In the derivation of showing that a certain condition is sufficient and necessary, of which the context is given at the end, I couldn't rigorously resolve an intermediate step of technical nature.
Given three non-negative numbers $a$, $b$ and $c$ which satisfy $a\gg$ $\frac{1}{\frac{1}{b}+\frac{1}{c}}$, are we justified to put $a \gg b$ so that we have $$ \frac{1}{\frac{1}{b}+\frac{1}{a}} \approx b\quad ? $$
I'm tempted to just follow the line of \begin{align} \frac{1}{\frac{1}{b}+\frac{1}{a}} &= \frac{1}{\frac{1}{b}+ (\frac{1}{c} - \frac{1}{c}) + \frac{1}{a}} \\ &=\frac{1}{(\frac{1}{b}+ \frac{1}{c} + \frac{1}{a}) - \frac{1}{c}} \\ &\approx \frac{1}{(\frac{1}{b}+ \frac{1}{c}) - \frac{1}{c}} \\ &= b\ . \end{align}
I don't find this reasoning very convincing, since we don't seem to make a judgement on a possible differing order of magnitude between $b$ and $c$ and its resulting effect.
I've tried considering the following to shed some light.
Set $a = 10^{x}, b=10^y, c = 10^{z}$ and require $a \gg \frac{1}{\frac{1}{b} + \frac{1}{c}}$.
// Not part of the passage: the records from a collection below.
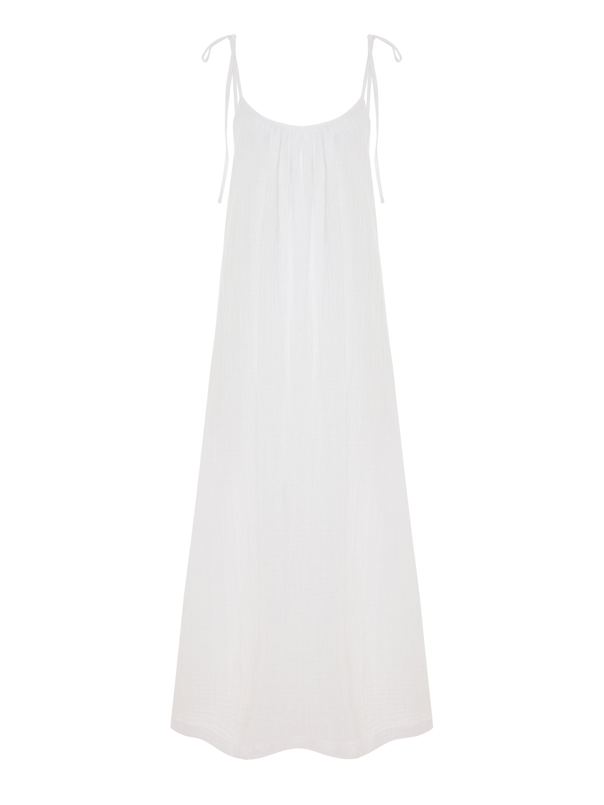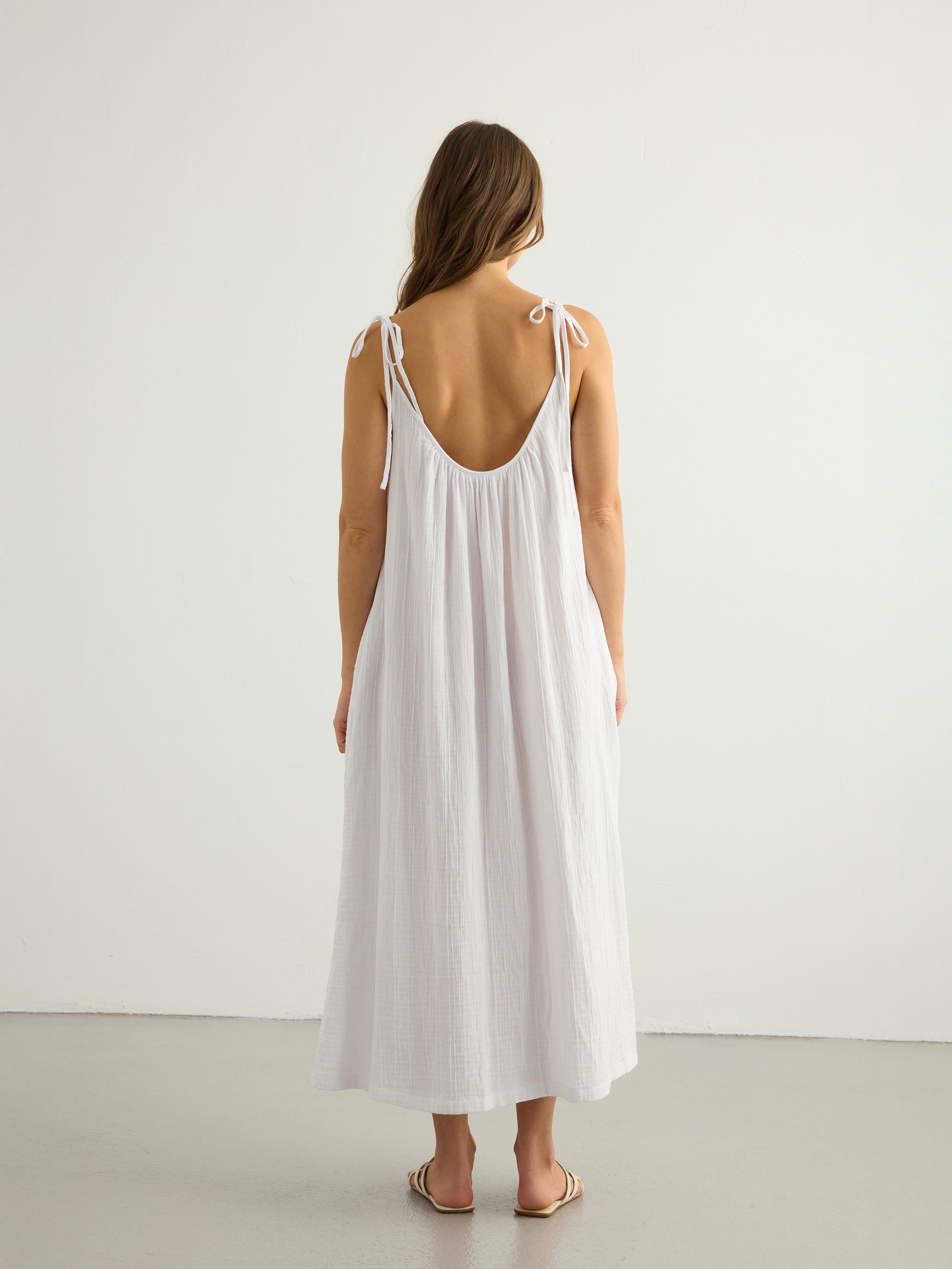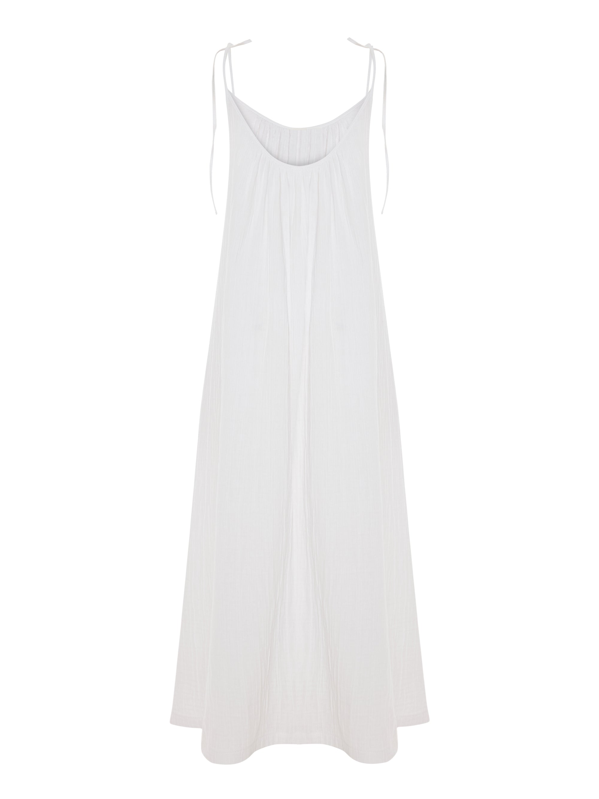 A softly draped maxi dress designed for slow summer days. Crafted from soft Turkish cotton with a lightweight, airy texture, this effortless silhouette features delicate tie straps and a gently gathered neckline that falls fluidly over the body. The relaxed shape moves beautifully with every step, creating an easy, understated elegance.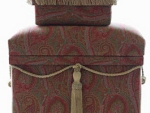 良質の杉板を材料に職人が1つづつ丁寧に手作りで仕上げた茶箱に布やクッション材を貼り、装飾をほどこすことによって高級感がある収納BOXやスツールのような家具が完成します。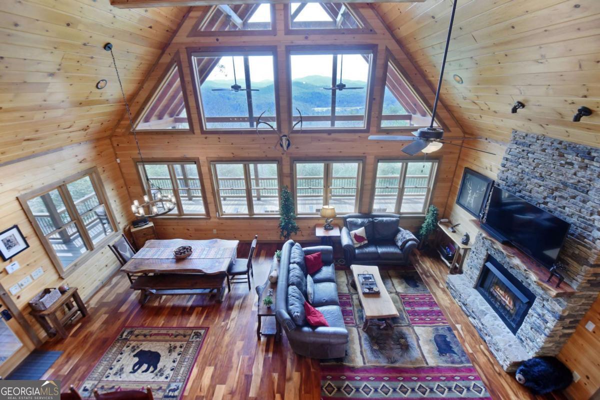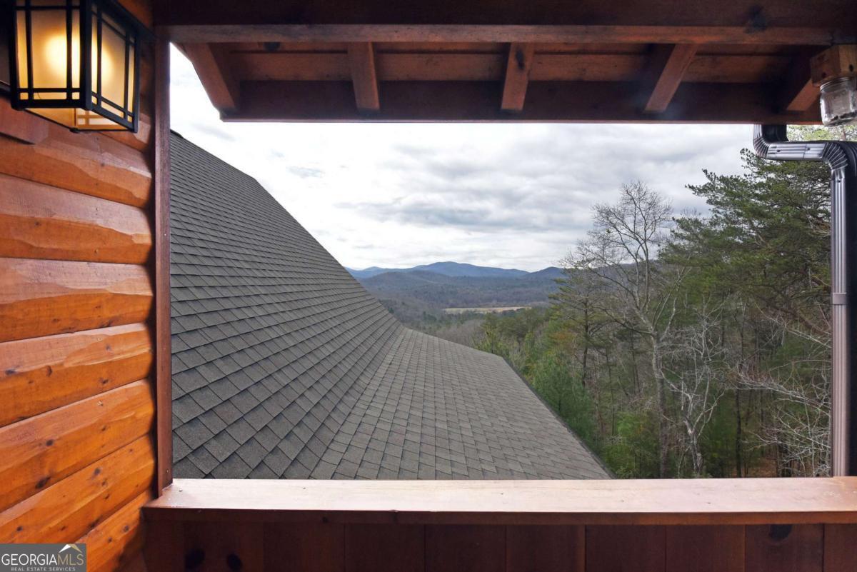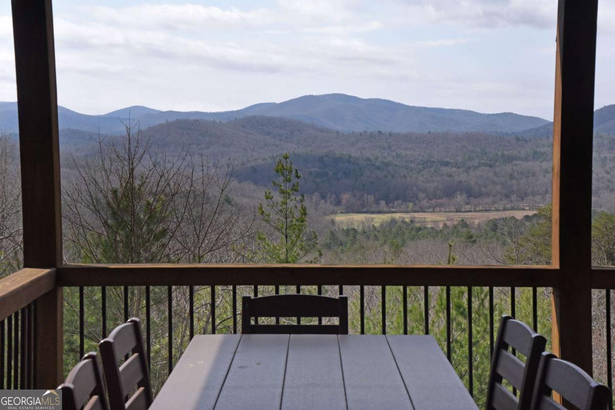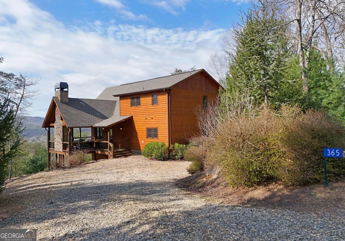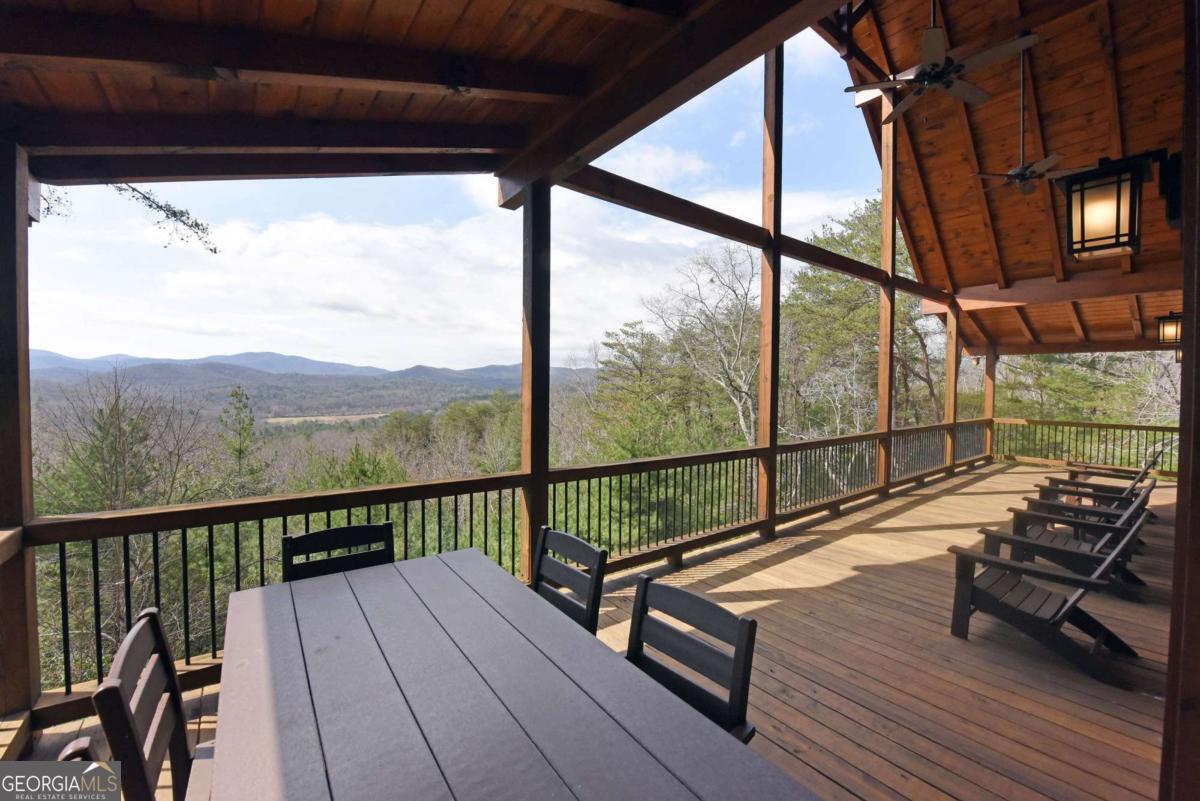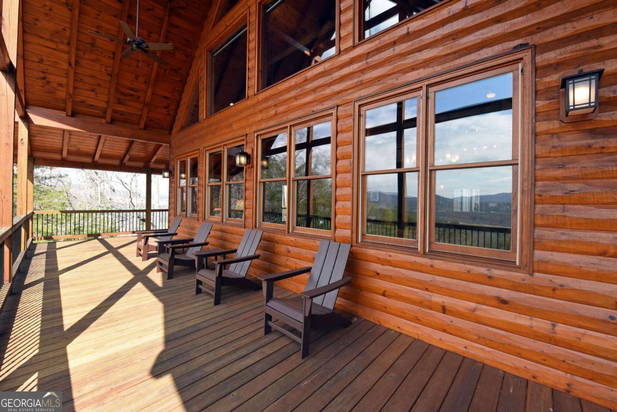 Perched high atop the mountain in the heart of the Aska Adventure Area, this richly appointed chalet captures the true spirit of rustic luxury & timeless mountain living. Nestled on a private cul-de-sac w/in a gated community, the setting offers unmatched peace & seclusion, surrounded by beautifully landscaped grounds & the natural beauty of the North Georgia mountains. Breathe in the crisp, clean air as you take in breathtaking, long-range mountain views that stretch endlessly into the horizon-an ever-changing backdrop filled with wildlife & quiet serenity. Crafted w/hand-hewn log siding & warm, natural finishes, the home welcomes you with an authentic yet refined mountain aesthetic. A dramatic wall of windows brings the outdoors in, filling the open-concept living spaces with light while perfectly framing the panoramic views. Gather around the glow of floor-to-ceiling stacked stone fireplaces in the main level great room, lower-level family room, or out on the inviting party porch; each space designed for comfort, connection & making memories. Step outside to expansive wrap-around decks & a private master balcony, where mornings begin with sunrise over the mountains & evenings end under a canopy of stars. Offered fully furnished w/high-end, thoughtfully curated pieces, this home is completely turnkey-ready for immediate enjoyment or a seamless investment opportunity. The cabin features two luxurious master ensuites on the main & upper levels, while the finished terrace level offers a spacious family room w/fireplace, wet bar, oversized bedroom, & full bath. Kitchen & baths showcase upgraded cabinetry & granite countertops, complemented by rich hardwood flooring throughout. Perfectly positioned just minutes to hiking, kayaking, tubing & fly fishing on the Toccoa River & a short drive to Downtown Blue Ridge's dining, shopping, wineries, & breweries, this is where every sunrise feels like a retreat & every sunset settles in w/the warm glow of a true mountain escape.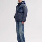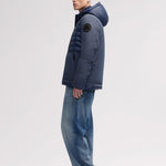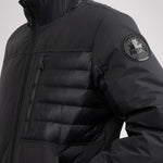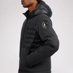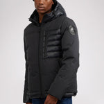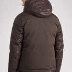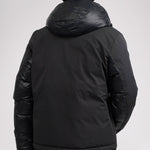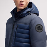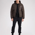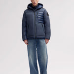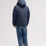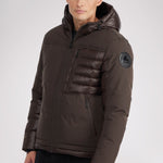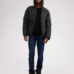 Men’s mixed-media channel quilted lightweight downfill jacket. Equipped with fixed hood, exposed zip front closure, zipper chest pocket & bottom zipper angled pockets. Adjustable bungee cords at hood & bottom hem. Sleek jersey knit storm cuffs.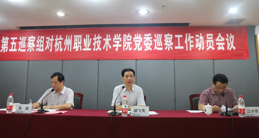 根据市委统一部署,9月11日下午,市委第五巡察组对杭州职业技术学院党委巡察工作动员会议召开。市委第五巡察组组长江小华就即将开展的巡察工作作了动员讲话,市委巡察工作办公室主任胡飞龙就配合做好巡察工作提出要求,杭州职业技术学院党委书记金波主持会议并作表态发言。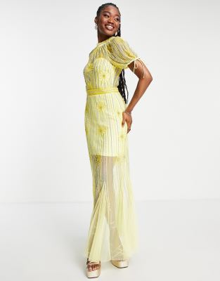 Miss Selfridge Premium embellished floral puff sleeve midi dress in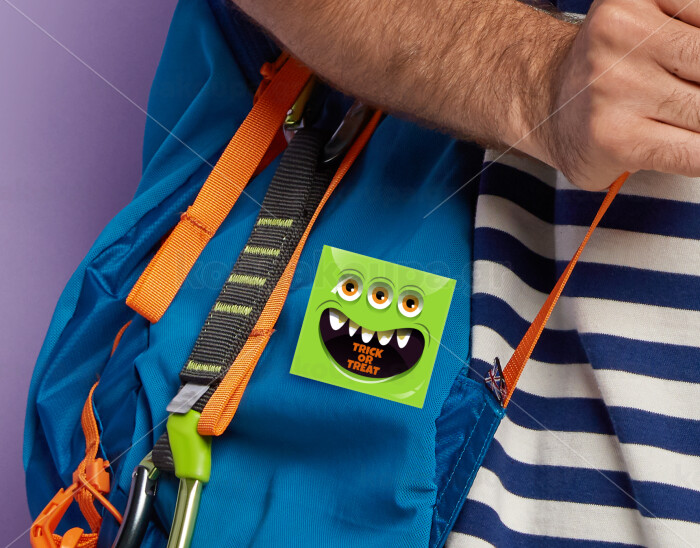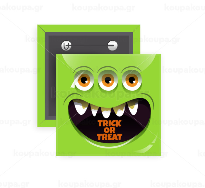 Halloween trick or treat 3 eyes monster, Κονκάρδα παραμάνα τετράγωνη 5x5cm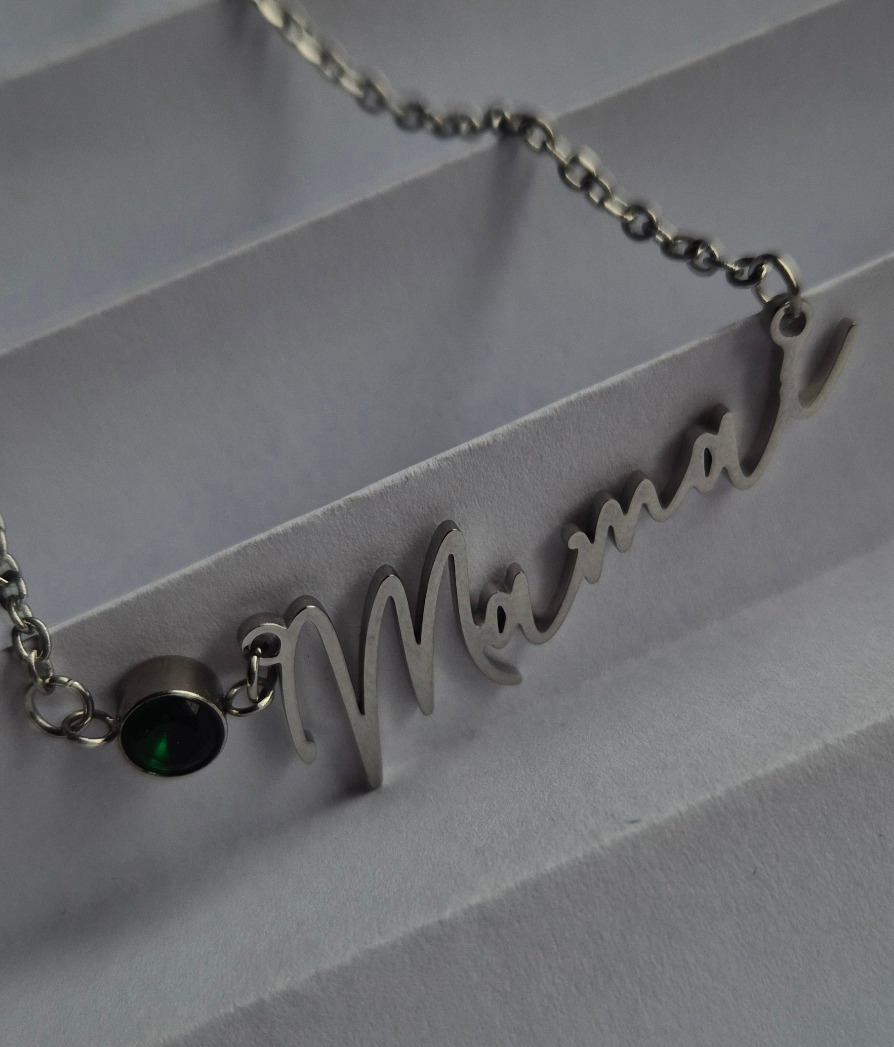 This graceful necklace features a unique stainless steel base, available in plated silver or 18k gold. A vivid green zircon stone delicately connects the chain to the handwritten Mamaí pendant.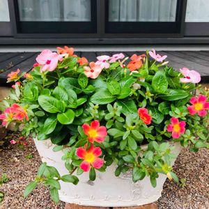 こんにちは今日も蒸し暑いです〜😂 雨雲がいて今にも振り出しそうな感じ〜☁️ リビング前の日日草にポーチュラカの寄せ植えちゃん🌺🌱
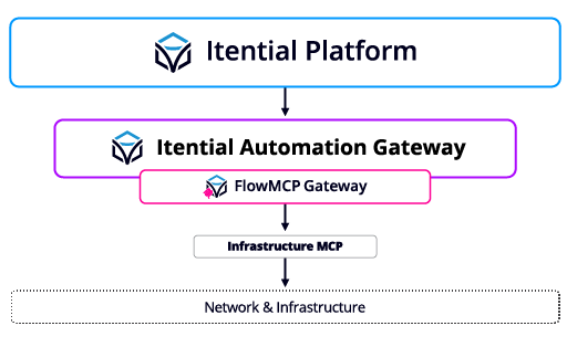 The Itential Automation Gateway centralizes and manages all automation assets, including scripts and playbooks, from a single interface. It provides the instrumentation layer for FlowAI, enabling integrations with controllers, APIs, scripts, cloud services, and network infrastructure, and extending deterministic execution to external MCP-based tools via FlowMCP Gateway.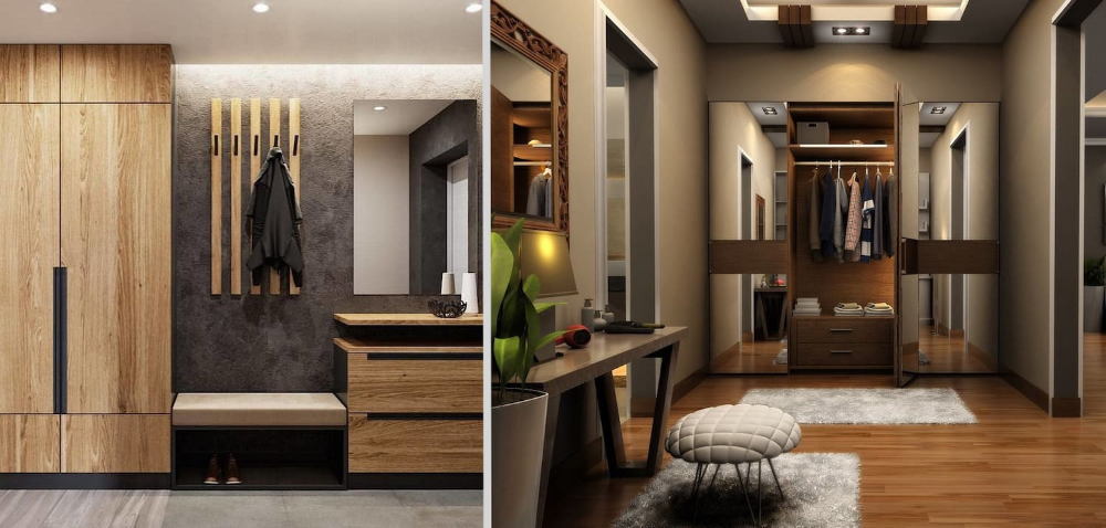Часто возникает необходимость гармонично разместить гардеробную в небольшой квартире, поэтому прекрасным вариантом станет совмещение гардеробной с прихожей.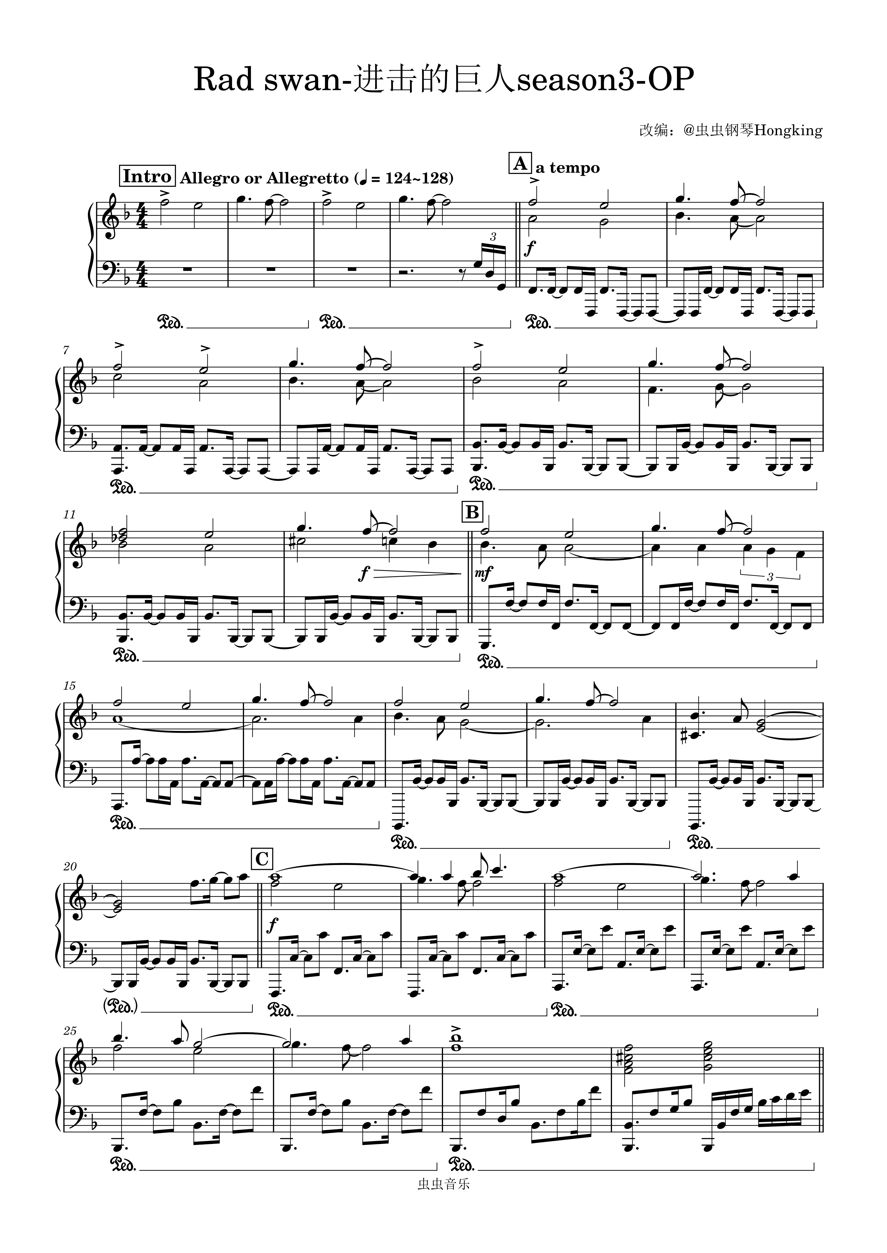 钢琴谱:Rad swan-进击的巨人season3-OP1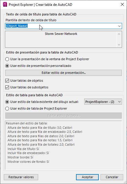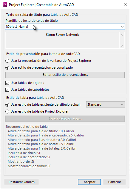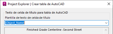 Tenga en cuenta que la fila de título de la tabla de AutoCAD se puede derivar de una serie de variables dinámicas durante el proceso de creación. O bien, se puede especificar un nombre de archivo fijo en este cuadro de diálogo. Por defecto, la fila de título mostrará el nombre del objeto seleccionado.

Taking the base 10 logarithm of both sides,
$$x \gg y+z-\log(b+c)\ .$$
Which doesn't clarify much.
Context. [All following quantities are, indeed, functions of frequency $\omega$. For readability, we omit explicitly denoting this dependence $f = f(\omega).]$
We consider the system of a coupled low-pass filter circuit.
Two low-pass filters are said to not load eachother if the input impedance $Z_{in,2}$ of the second one is much greater than the output impedance $Z_{out,1}$ of the first one.
If this is the case, we can approximate the system transfer function $H$ as the product of the respective transfer functions of the individual filters $H \approx H_1 \cdot H_2$.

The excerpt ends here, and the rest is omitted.